Some intellectuals in the community accuse Shahabuddin Saheb of creating what they call Hindu backlash through his participation in the Babri Mosque movement and the infamous Shahbano case controversy etc. The fact is that this is an over simplification of the issues and is not different from the tendency of blaming squarely Muslim League and Muslim politicians for the partition while ignoring the game Hindutva elements had started playing much before 1947. One wonders if these intellectuals had ever bothered to study the philosophy of RSS and its list that it wants “liberated” including virtually every historical mosque in India like the Aurangzeb Mosque in Banaras, and the ‘Idgah Mosque in Mathura (the birth land of Krishna) etc. Do they realise the consequences if there was no protest?

It is worth narrating an interesting story that I have quoted in an article on Shahabuddin Saheb before and shared with me by Dr Hilal Ahmed, Assistant Professor, Center for the Study of Developing Societies (CSDS), when he was doing his PhD at the School of Oriental and African Studies (SOAS), London.
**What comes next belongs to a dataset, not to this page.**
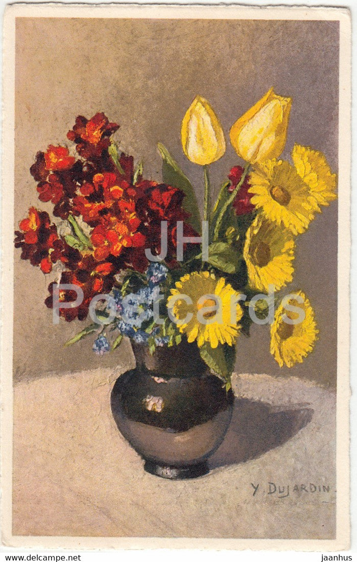fleurs dans un vase - illustration de Dujardin - 534 - carte postale ancienne - Suisse - inutilisée

He had written a well-researched paper, based on Shahabuddin Saheb’s editorials published in Muslim India. When he showed it to his supervisor, a leading expert on Indian politics the gentleman remarked that so far his impression of Shahabuddin Saheb was based on media reports and that was the first time he had actually read his writings. “From this he comes as a brilliant political thinker”, the expert told my friend.
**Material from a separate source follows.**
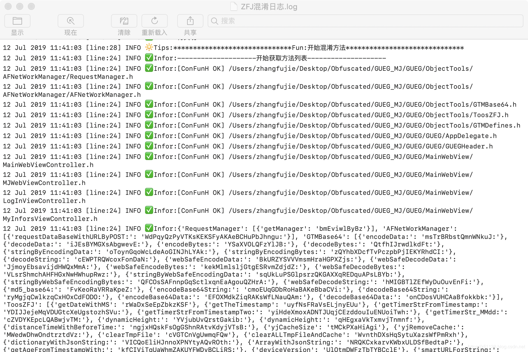混淆的部分日志,混淆的时候回通过import logging自动生成混淆日志《ZFJ混淆日志.log》,便于开发者修改部分报错: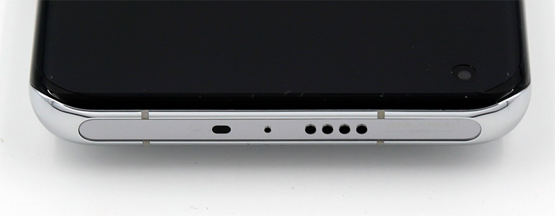 На нижней грани - слот под сим-карты, порт USB-C, микрофон, прорезь динамика, к которой подошли творчески, - она смотрится лучше, чем отверстия одинакового размера.

This paper “An Introduction to the Political ideas of Syed Shahabuddin” has been included in a book Syed Shahabuddin, Outstanding Voice of Muslim India, compiled by Mushtaque Madni.

The fact is that had Shahabuddin Saheb compromised on his stand and principles he would have spent the last few years of his life in luxury and great comfort. But this is what medical doctor turned writer and activist Dr Javed Jamil quotes him as saying, “Do you think Dr Jamil, I have lots of money. In my house, meat is cooked only twice a week, not because we don’t relish it but because we can’t afford it. And you see the (old) Fiat car outside my office. I am not even in a position to send it to the garage.”

I close this obituary with the quotes India’s former Minister of External Affairs, Salman Khurshid, made during the launch of the aforementioned book in 2003, “Some narrow-minded people say he raised the issue of Babri Masjid and Personal Law for petty politics. This is wrong. The fact is that we could not take full benefit of him as much as we should have.” Then he turned to Shahabuddin and continued, “You speak strongly and clearly. If someone who did not know that you were a diplomat, would never sense it from your personality. You have ruled over the hearts of many men and women. We got in you a leader, an icon, a role model.”

May Allah forgive the shortcomings of this brave soldier of the community and shower His mercy on him.